Contact Tracing The Contact Tracing

system for COVID-19 cases has proved to be largely ineffective in combating epidemics in many countries that have tried to use it. One of the main problems emerged from the difficulties of governments and authorities in convincing the population to use this system. But that doesn’t mean the technology is ineffective per se, remembers MIT Technology Review.

The ability to use GPS or Bluetooth to create recently crossed people records remains one of the potentially most effective tools for improving countries’ response to pandemics. In general, contact tracing is one of the areas from which more significant benefits for the population in terms of health care and services could derive in the future.

Hyper-Accurate Location Systems

New location technologies ensure greater accuracy than traditional GPS systems ( Global Positioning System ) used in smartphones. The margins of error are in the order of a few centimeters, while in the smartphone’s GPS, the position can vary in a space between 5 and 10 meters. Last June, China completed BeiDou, a satellite navigation system that provides an accuracy of 1.5 meters anywhere globally.

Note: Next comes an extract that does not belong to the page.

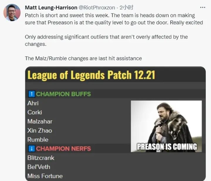 全村人末了的盼望 JDG!加油! THE ONE&ONLY选手记录片:JackeyLove篇 DK vs GEN成S12开赛至今最受接待角逐 克日数据网站Esports Charts分享S12观赛数据,DK与GEN的BO5成为了S12开赛至今最受接待的角逐,观众峰值高达165w!(本次统计不外包罗国内数据) Doinb透露天下赛观看人数:韩国本年只有客岁60% 2022好汉同盟讲授主持杯预热景象剧:将于11月12日开饭 好汉同盟赛事官博发布2022好汉同盟讲授主持杯预热景象剧——吾胃竞顶峰,吃至无双!将于11月12日17:00正式放饭。 无缝衔接天下赛,角逐一次看个够!人多口杂向您报告实时资讯:特邀秘密职业选手入座讲授席,职业讲授打角逐,职业选手来讲授,讲授效果绝对给力;镌汰赛举行地直接坐落虹桥赛事中央,虹桥站卖票,讲授杯不卖票;新人来势汹汹,先辈们可要多加留意,这场角逐可没有情面调皮哦~ Oner:Kanavi是现在最强的选手之一 我们会以3比1降服JDG Q:你将和JDG.Kanavi选手比武,感想怎样呢?你推测半决赛的比分会是多少呢? Oner:我以为Kanavi选手是现在最强的选手之一,这也是我最等待的一场角逐,固然现在无法容易推测效果,如果我们降服JDG,应该会以3比1取胜。 Q:你以为半决赛什么位置比力关键呢? Oner:我以为上野比力告急,JDG上野经常取得上风。 Q:相比于客岁,本年你在哪些部门有所进步呢? Oner:和客岁相比,我没有那么告急了。客岁我没有那么从容,本次天下赛队友们都信赖我,我也信赖队友们,以是才变得更加游刃有余了,这部门影响很大。 Q:跟好汉同盟汗青最佳Faker选手同队一起共同,你感受怎样呢? Oner:最开始我有很多想法,由于Faker选手对我来说也是传怪杰物,我非常告急,也没怎么能跟他语言。但如果不绝维持如许的状态,角逐不会顺遂,我以为我也没有打职业的资格,以是我积极跟他说半语,相赫哥也继承了我积极的效果。现在我们就很自然地说半语,就是以密切的兄弟关系在打角逐,以是齐备才很顺遂。 C9发推:这绝对是万圣节最可骇的装扮——悠米套装 C9官方推特更新,发布一张图片,而且配文:这绝对是万圣节最可骇的装扮——悠米套装! imp:LPL锻练和粉丝有标题,隔壁赛区粉丝是直接用卡车表达不满的 前职业选手imp开播时,有弹幕品评LPL锻练,而且拿T1锻练Bengi作比力。imp以为LPL锻练真的有标题,而且体现隔壁赛区粉丝是直接用卡车表达不满的。 imp:额……LPL锻练真的有点标题。LPL锻练真的有标题。知道吗,LC**丝是叫个车,放在他们基地前面。锻练堕落了,就“西八滚吧”如许子写着。感觉LPL粉丝多点积极吧。(imp提及的就是LCK那边的卡车变乱) Rookie:一个LPL打三个LCK标题不大,LCK确实比从前强很多 Rookie在直播中体现LCK本年确实比从前强很多,以为T1不如GEN。30号JDG打T1,压力来到JDG这边,JDG我以为没啥标题吧,实在我以为也不是在说别人欠好,并不以为T1有GEN那帮人强就是整个队,固然如许说不太好,但是RNG打T1好几场都是RNG上风很大,以是说盼望JDG加油,现在一个LPL打三个LCK我以为标题不大,本年的LCK确实比从前强很多。 PSG更推:请不要再出现导致游戏瓦解的bug在半决赛了 PSG官方推特更新,发布一张图片,配文:我发誓这是我末了一次讥讽拳头的bug,请不要再出现导致游戏瓦解的bug在半决赛了.... 图:拳头修复游戏bug&拳头筹谋皮肤和时间通行证 英文讲授:RNG分别作为1-4号种子在S赛的八进四镌汰赛中落第 2022好汉同盟举世总决赛正在举行,本日英文流讲授分享冷知识。停止现在,RNG分别作为1-4号种子在S赛的八进四镌汰赛中落第。 1号种子-2018 2号种子-2016 3号种子-2021 4号种子-2022 2022.10.23本年生日又是在赛场过的。本年好像又有 2022.10.23 本年生日又是在赛场过的。本年好像又有了些差别。 去赛场的路上,特意挑了一个提拉米苏蛋糕带去准备给deft,本年生日相比客岁在冰岛应该热闹了很多,想着在角逐开始之前给他,到了赛场恰好他们也到了,于是我慌张皇张跑去配景写了一张贺卡。给他送了已往,对他说:“生日快乐”,他一如既 DK官推分享机场图:安全抵达~到韩国啦! 在S12镌汰赛第三日的角逐中,DK 2-3不敌GEN,止步八强。本日DK官推分享一张选手们在机场的合照,配文:安全抵达韩国~ 12.21版本改动前瞻:兰博飞机加强 卑尔维斯终遭削弱 随着赛季的连续举行,新的版本也将随之到来。本日召唤师峡谷团队的首席筹划师Riot Phroxzon公布了12.21版本改动前瞻。以下为推特内容大意: Riot Phroxzon:“下次的版本变更会非常短小,但是甜蜜。均衡团队如许做的缘故起因是为了让季前赛的内容保质保量。非常的令人高兴。 我们这个版本只修改没有被其他改动影响的显着非常值。 玛尔扎哈/兰博的改动是为了资助补兵。 好汉加强:阿狸,飞机,玛尔扎哈,赵信,兰博; 好汉削弱:呆板人,卑尔维斯,厄运小姐。 DRX.Deft:我已经不记得上一次这么开心地过生日是什么时间了 在昨日的S12举世总决赛镌汰赛上,DRX乐成让二追三击败EDG,赛后LCK官方放出配景采访,以下为内容节选。 Q:晋级四强感想怎样呢? Deft:晋级四强,非常开心。本日队友们都打得非常好,很感谢他们。我已经不记得上一次这么开心地过生日是什么时间了。本日真的太棒了。粉丝们还为我唱生日歌、支持我们战队,非常感谢各人。 Q:刚才你在舞台采访时,(观众们不是喊)Let’s dance吗?你能显现一下吗? Deft:(笑)(逃跑)我要走了。 Q:晋级四强感想怎样呢? Pyosik:比起晋级四强,让二追三乐成得到角逐的胜利,让我非常开心。最开始我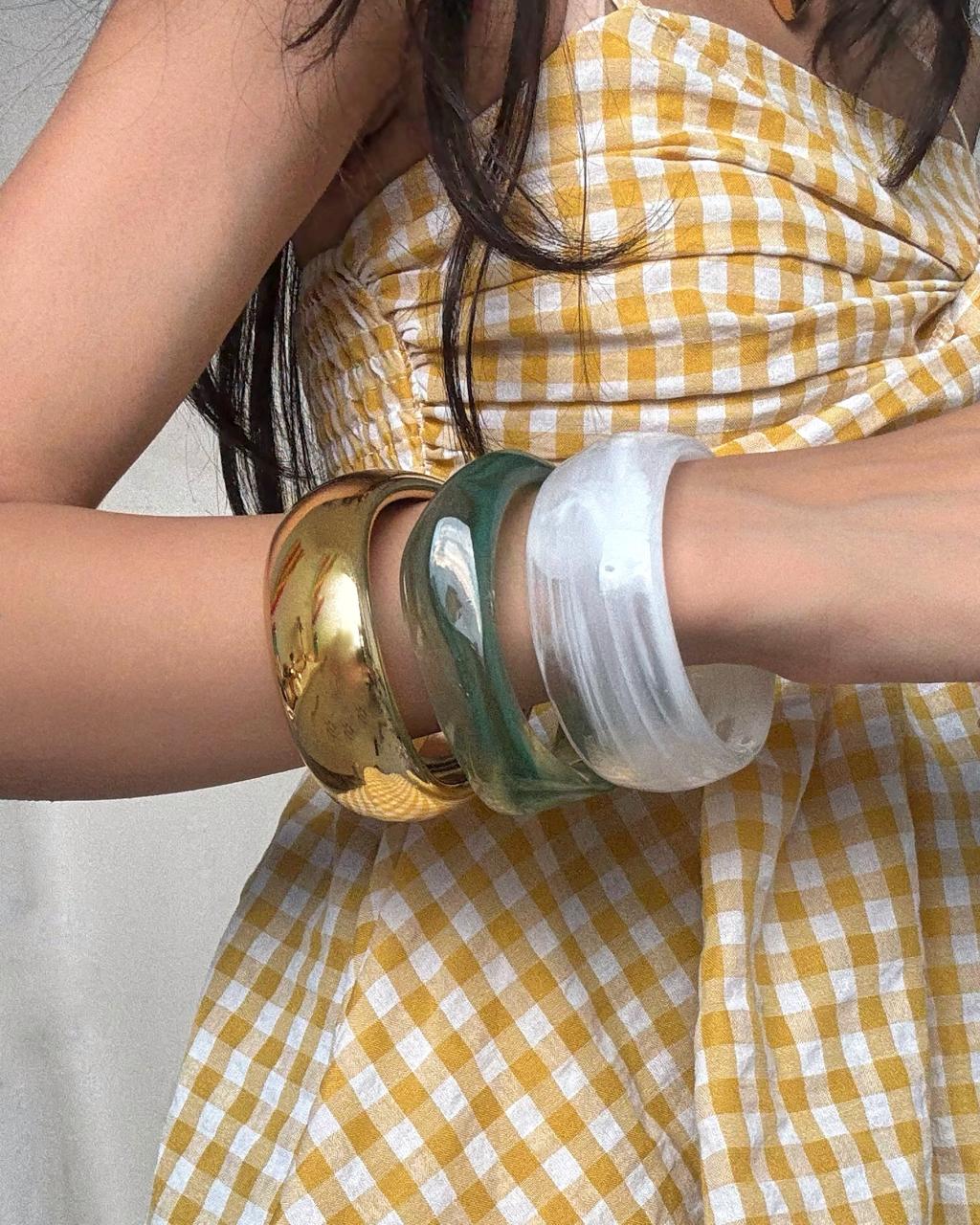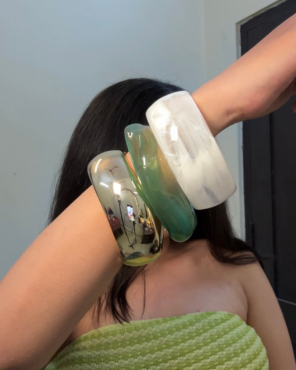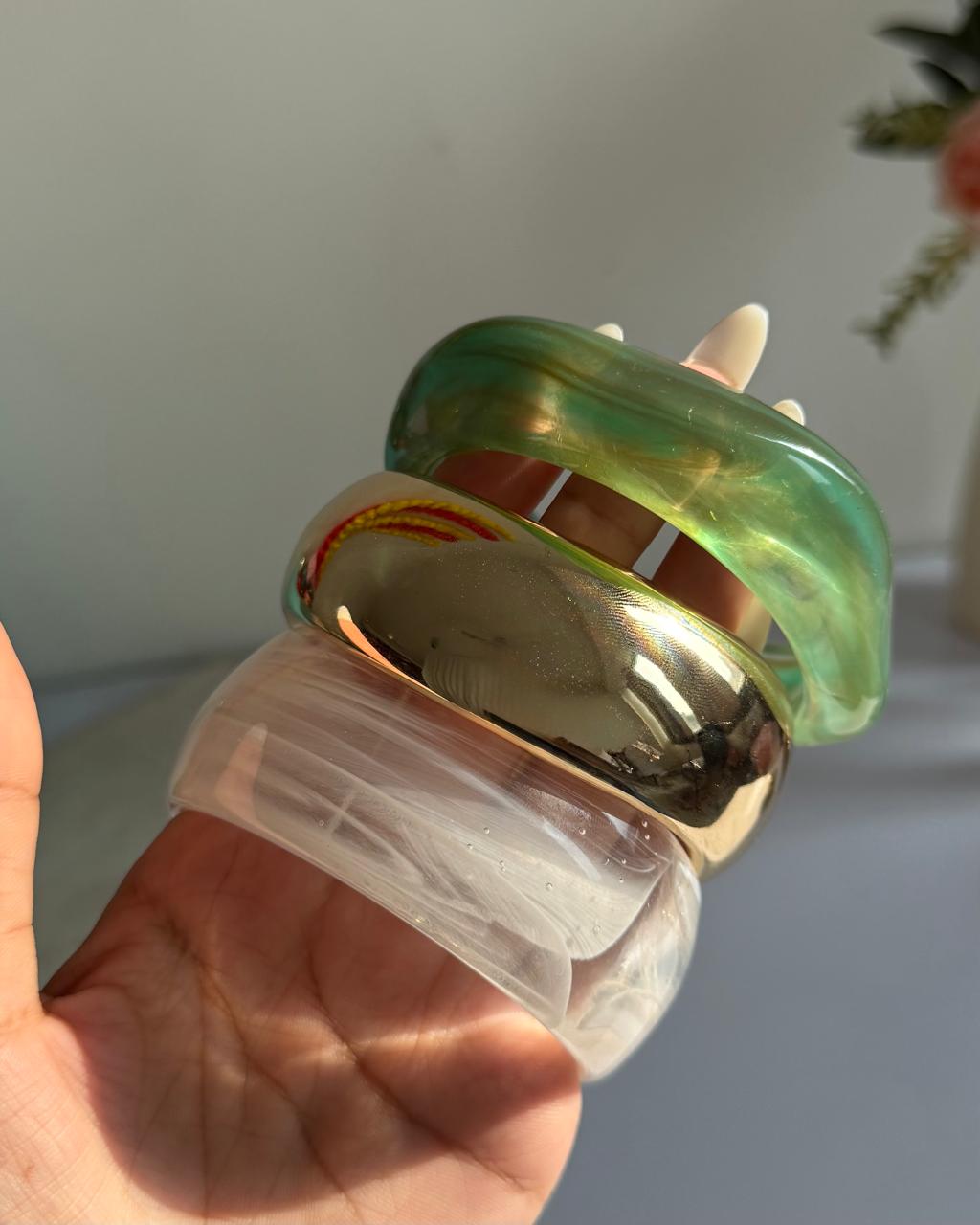 Viral bangles combo, resin bangles, green bangles, gold bangle, white bangle, bracelet, chunky bangles

 The use of BeiDou satellites was, for example, crucial for the surveys that have recently made it possible to measure the height of Everest more accurately.

In the future, the new localization systems could make it possible to identify accidents and requests for assistance more quickly and accurately. They could also improve the safety of self-driving cars and the accuracy of the robots used for deliveries. And in the meantime, the GPS, which has been around since the 1990s, will also receive important updates by 2023 with the launch of new satellites into orbit, after those already launched last November as part of the GPS III project.

Remote Services

The measures introduced by governments to reduce the risk of coronavirus infections in many countries of the world have indirectly extended and intensified remote services by the population. Two areas that have been heavily affected by these changes are education and health care.

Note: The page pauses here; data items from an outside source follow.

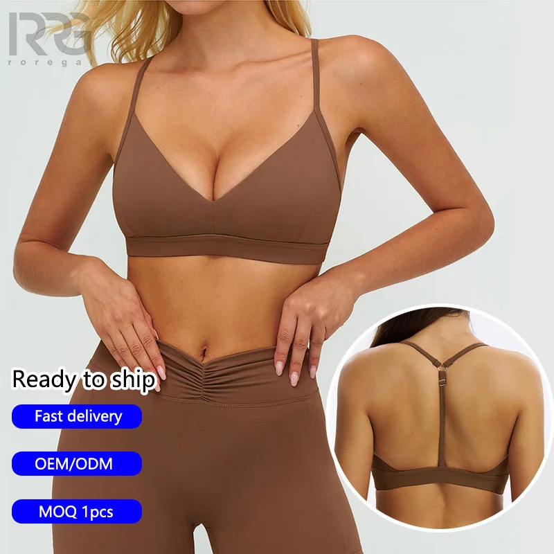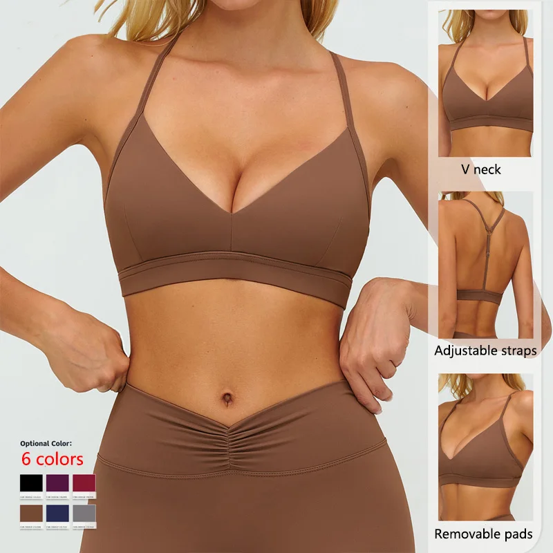 Roregal Women's Removable Padding Brushed V-Neck Adjustable Straps Y-Back Design Sports Bra for Yoga Gym Running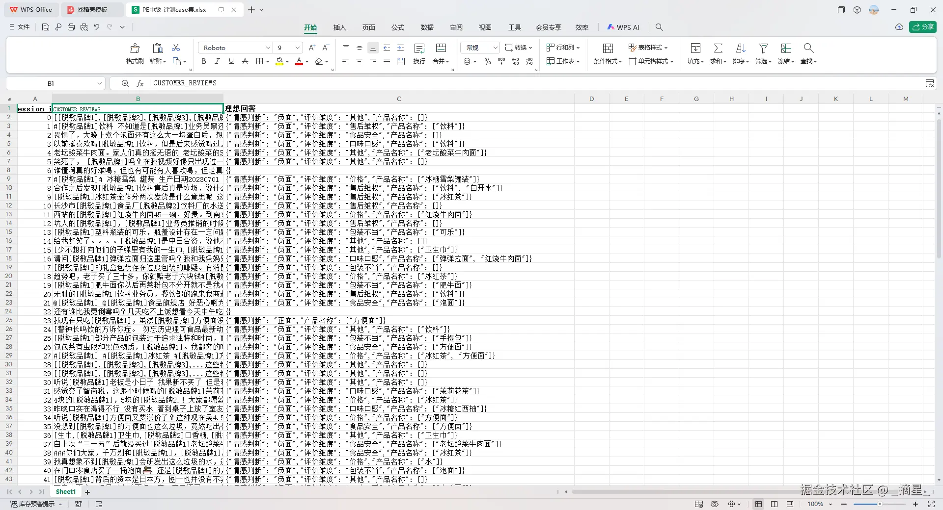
 ```markdown 在互联网上,有很多客户发布的关于我们“脱敏品牌1”产品的内容和一些评价,有说我们这个面好吃的,有说这个饮料价格贵之类的,好的坏的都有,我们比较希望把这些内容能用大模型识别和格式化整理一下。首先要看一下,这些客户说的是正面评价还是负面评价;如果是负面的,就再分个类,看看是价格问题还是口味口感还是什么其他问题,然后看看对应的是哪个产品名,是牙膏还是饮料还是什么其他产品,给出来产品名称。我目前想到的是以下问题分类: 包装不当:产品包装相关的评价; 价格:产品价格相关的评价; 口味口感:食品类产品的口味、口感相关的内容; 食品安全:关于食品类产品卫生、安全性的内容; 售后维权:退换货等售后相关的内容; 其他:无法归类为前述标签的内容; 以JSON格式输出,字段是情感判断、评价维度、产品名称。 ```实践点: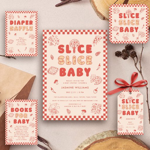 Diese hübsche Slice Slice Baby Pizza Hand Gezeichnet Baby Shower Invitation verfügt über einen spielerisch karierten Rahmen, der an eine klassische Pizzeria erinnert. Das fette SLICE SLICE BABY steht im Mittelpunkt der Bühne, umgeben von skurrilen, handgezeichnet Illustrationen von Pizzaslicen, frischen Zutaten wie Basilikum, Tomaten, Pilzen und Paprikaschoten sowie rustikalen Details, die eine gemütliche, in Italien inspirierte Touch hinzufügen. Ideal, um unterwegs ein wenig zu feiern, mit einem lustigen und köstlichen Thema! Bitte kontaktieren Sie uns in Touch für Design-Hilfe via Zazzle Chat. Wir werden sicher sein, innerhalb von 12 Stunden zu antworten.

 Both distance learning and telemedicine, albeit with very variable degrees of success depending on the contexts, have made available services hitherto used mainly in person.

Hong Kong-based student mentoring company Snapask has more than 3.5 million users across nine Asian countries. By, an Indian school learning app has nearly 70 million users. Similarly, efforts in Uganda to strengthen the technological infrastructure needed to support telemedicine have extended health care to millions of people during the pandemic, which in many cases can mean saving lives, especially in a country plagued by a chronic shortage of doctors.

Multi-Sensory Artificial Intelligence Systems

Despite conspicuous and celebrated advances, in recent years, artificial intelligence has still shown significant limits in solving problems that require the use of human skills already present in young children. 

Difficulties, MIT Technology Review writes, arise when there is to “learn how the world works and apply that general knowledge to new situations.” One of the most promising approaches to solving these problems involves expanding the “senses” of artificial intelligence.

At present, artificial intelligence systems equipped with synthetic vision can collect visual information about the environment but not “talk” about what they see while using algorithms for natural language processing.

 An integrated system of artificial intelligence based on multi-sensoriality could acquire a greater understanding of the world around it and become more “flexible” and adaptable to a constantly evolving context.

On the other hand, it would be a way of imitating a fully human model, according to Karen Hao, a data scientist and journalist expert in artificial intelligence for MIT Technology Review. When they begin to associate words with images, sounds, and other sensory information, writes Hao. Children start to build a sophisticated model of the world that can describe increasingly complicated dynamics and phenomena.